A jornalista Mariana Balboni fala da importância da Internet para a democratização ao acesso à informação e participação da população de baixa renda no processo produtivo e na tomada de decisão nas questões de seu interesse. A jornalista realizou pesquisa sobre o assunto para sua tese de doutorado, defendida em maio de 2007, na Escola de Comunicações e Artes (ECA) da USP.
Mobilizadores COEP – Qual o percentual de brasileiros que ainda não tem acesso à Internet? Como você justifica/avalia tamanha exclusão digital no país em pleno século 21?
R.: Segundo a pesquisa Acesso às Tecnologias da Informação e da Comunicação – TIC Domicílios 2007, realizada pelo Centro de Estudos sobre as Tecnologias da Informação e da Comunicação do Núcleo de Informação e Coordenação do Ponto br (NIC.br) – entidade que implementa as decisões e projetos do Comitê Gestor da Internet no Brasil -, até o ano passado, 59% da população brasileira ainda não haviam utilizado a Internet pelo menos uma vez na vida. O Brasil é um país muito extenso, de dimensões continentais, e com uma enorme desigualdade social. E, infelizmente, a exclusão digital no país acompanha a exclusão social. São os indivíduos de baixa renda, com pouca escolaridade e que habitam as localidades mais distantes dos centros urbanos que têm mais dificuldade de acesso à informação digital. O primeiro obstáculo é a falta de conexão à rede na cidade, ou no bairro onde vivem ? realidade em muitas regiões brasileiras. Em seguida é a questão da alfabetização digital. Isso porque para acessar a Internet, o indivíduo precisa, além de saber ler e escrever, de uma capacitação mínima para interagir com os equipamentos e com a rede. Só vencendo as desigualdades sociais e econômicas poderemos permitir que todo cidadão brasileiro se torne um usuário de internet. Mas devemos lembrar também que em termos absolutos somos quase 45 milhões de internautas (34% da população brasileira declararam ter usado a internet nos últimos três meses), um número muito expressivo e uma população maior do que a de muitos países no mundo.
Mobilizadores COEP – Como você conceituaria a expressão ?inclusão digital??
R.: Inclusão digital (ID) é um termo muito amplo; ele abrange bem mais do que o simples acesso ao equipamento, a capacitação do usuário, a profissionalização ou até mesmo a possibilidade de se apropriar de um computador e da Internet para articular projetos comunitários e produzir conteúdo local. A ID deve ser compreendida dentro do escopo da inclusão social, ao possibilitar a participação protagonista do indivíduo no processo produtivo estabelecido pela sociedade da informação.
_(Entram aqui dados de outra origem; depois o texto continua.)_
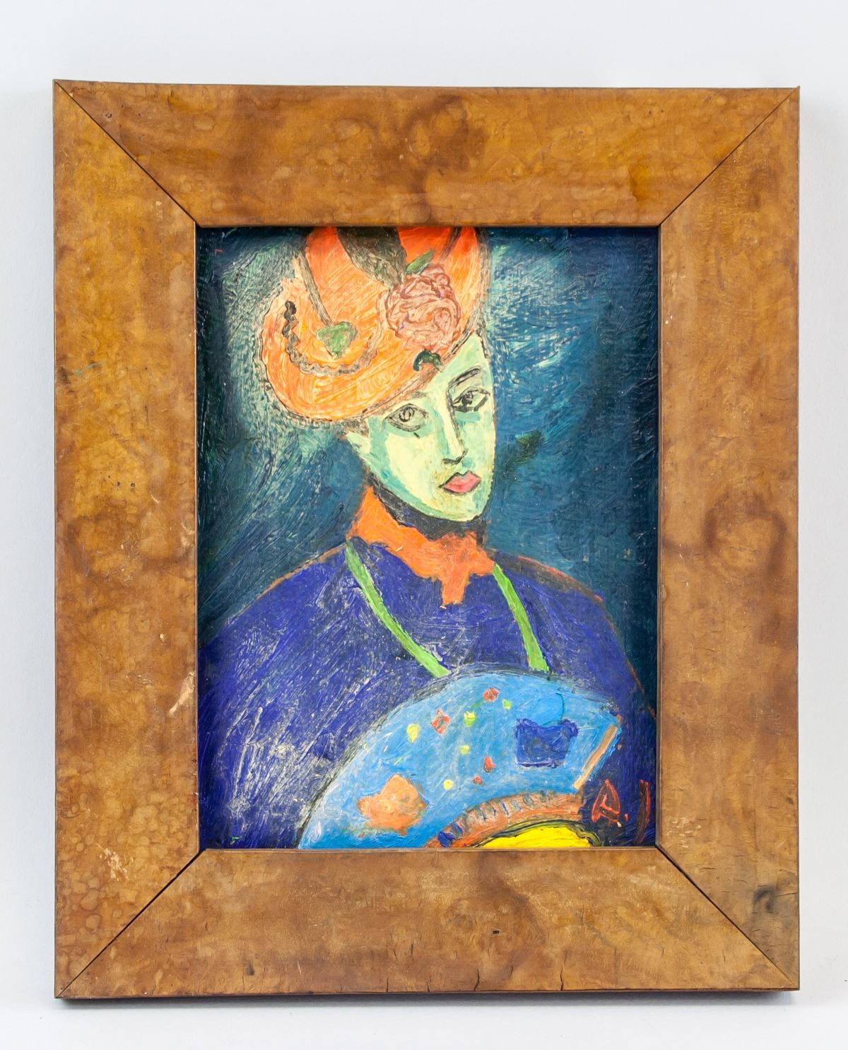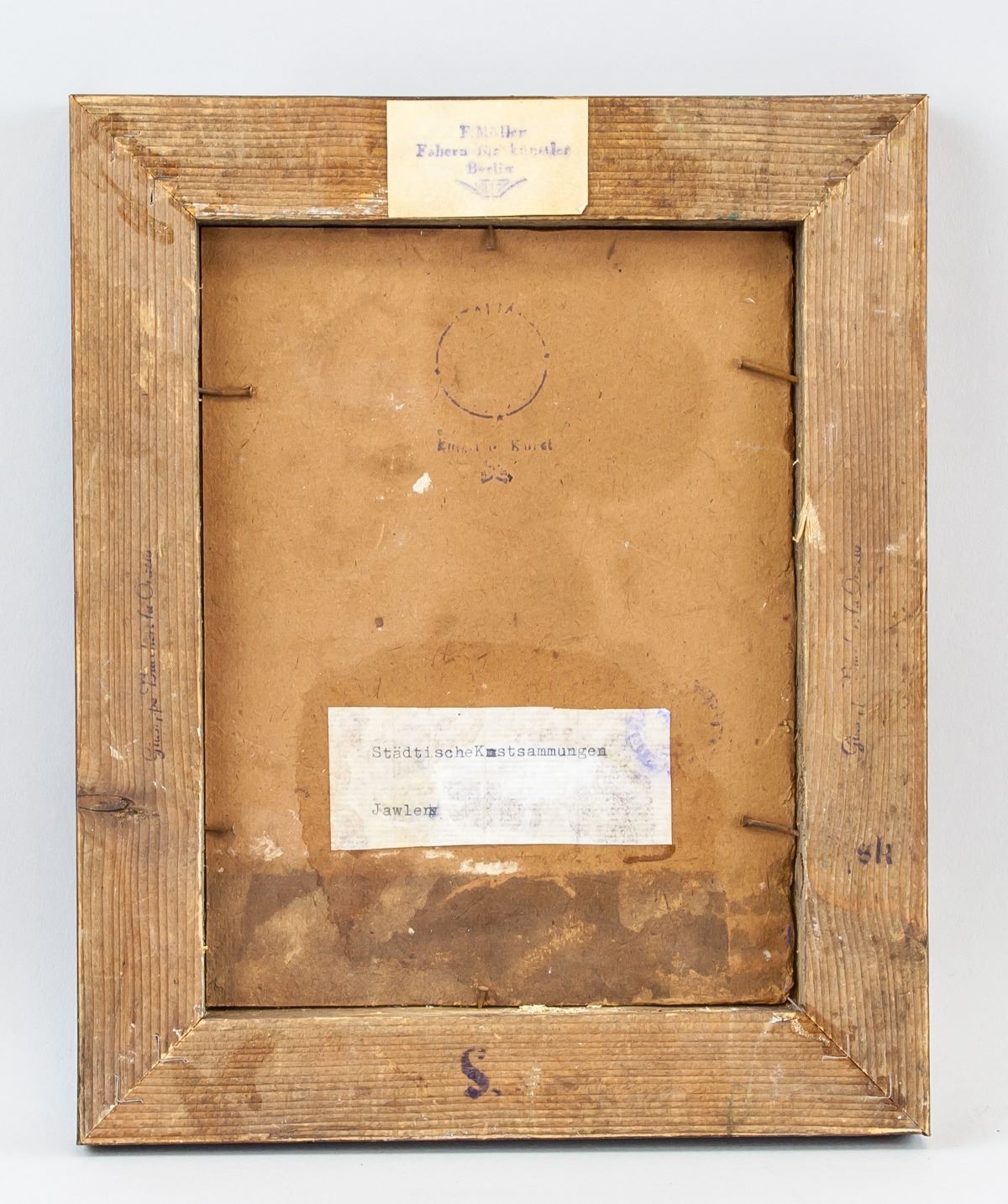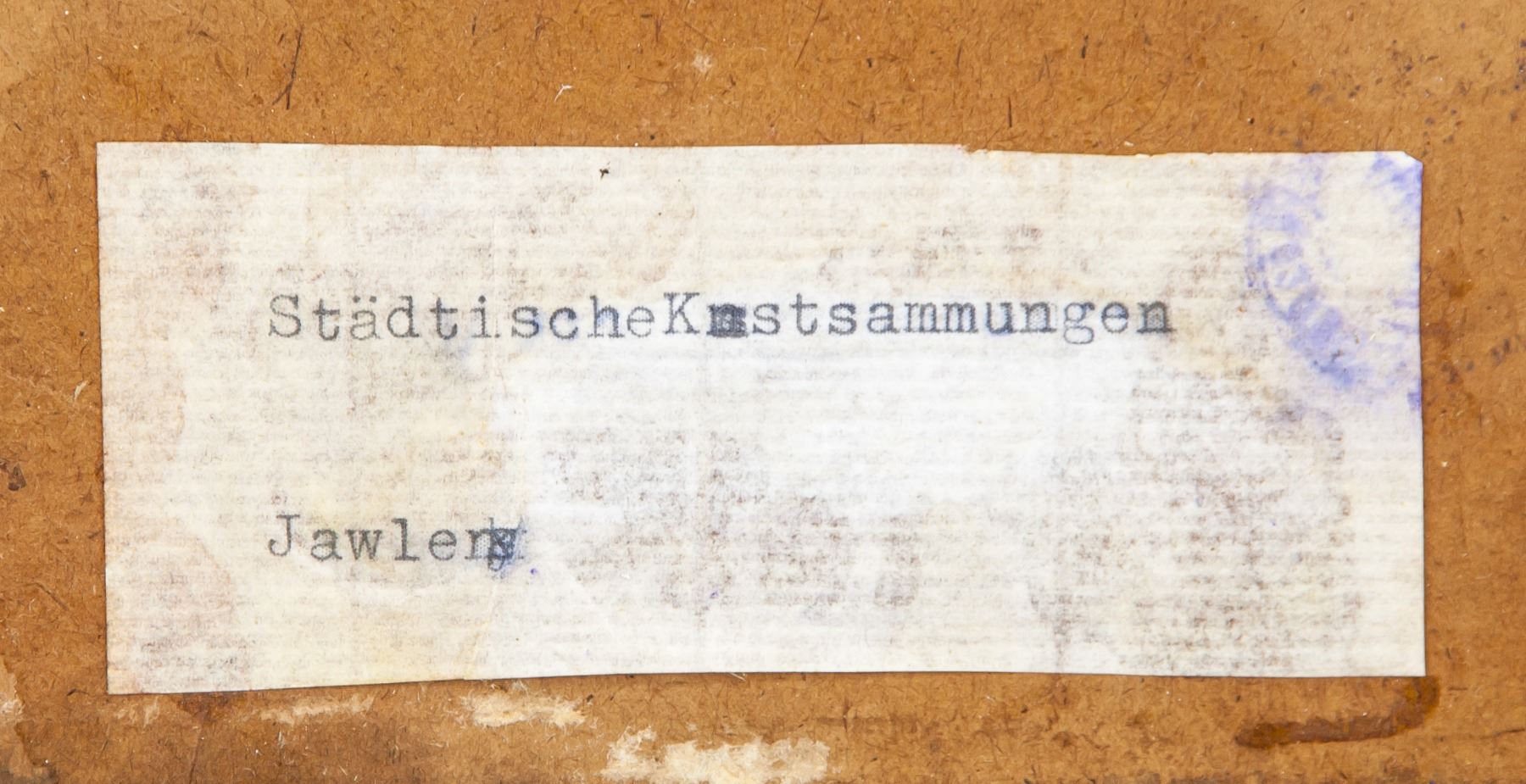 Oil and gouache on board, framed. Featuring a portrait of a lady. Signed and attr. Alexej Jawlensky (Russian, 1864-1941) on the lower right corner. Gallery label on verso. 20 x 15 cm (7.9 x 5.9 inches). Frame Size: 26.5 x 21 (10.4 x 8.3). Alexej von Jawlensky was born in Torzhok, a town in Tver Governorate, Russia, as the fifth child of Georgi von Jawlensky and his wife Alexandra. He moved to Munich in 1894, where he studied in the private school of Anton Azbe. In 1905 Jawlensky visited Ferdinand Hodler, and two years later he began his long friendship with Jan Verkade and met Paul Serusier. Together, Verkade and Serusier transmitted to Jawlensky both practical and theoretical elements of the work of the Nabis, and Synthetist principles of art. In Munich he met Wassily Kandinsky and various other Russian artists, and he contributed to the formation of the Neue Kunstlervereinigung Munchen. His work in this period was lush and richly coloured, but later moved towards abstraction and a simplified, formulaic style. Between 1908 and 1910 Jawlensky and Werefkin spent summers in the Bavarian Alps with Kandinsky and his companion, the painter Gabriele Munter. Here, through painting landscapes of their mountainous surroundings, they experimented with one another’s techniques and discussed the theoretical bases of their art. Following a trip to the Baltic coast, and renewed contact with Henri Matisse in 1911 and Emil Nolde in 1912, Jawlensky turned increasingly to the expressive use of colour and form alone in his portraits. PROVENANCE: Private estate (Perugia, Italy)

Ou seja, a internet é uma ferramenta democrática que, entre outros benefícios, permite a inclusão do indivíduo no sistema produtivo e possibilita, através do acesso à informação, sua participação na tomada de decisões relacionadas à administração de seu bairro ou cidade, escolhas políticas através do contato direto com seus representantes, participação em discussões sobre diversos temas etc.
Mobilizadores COEP – Na sua opinião, o que seria preciso para promover a inclusão digital da maior parte da população brasileira?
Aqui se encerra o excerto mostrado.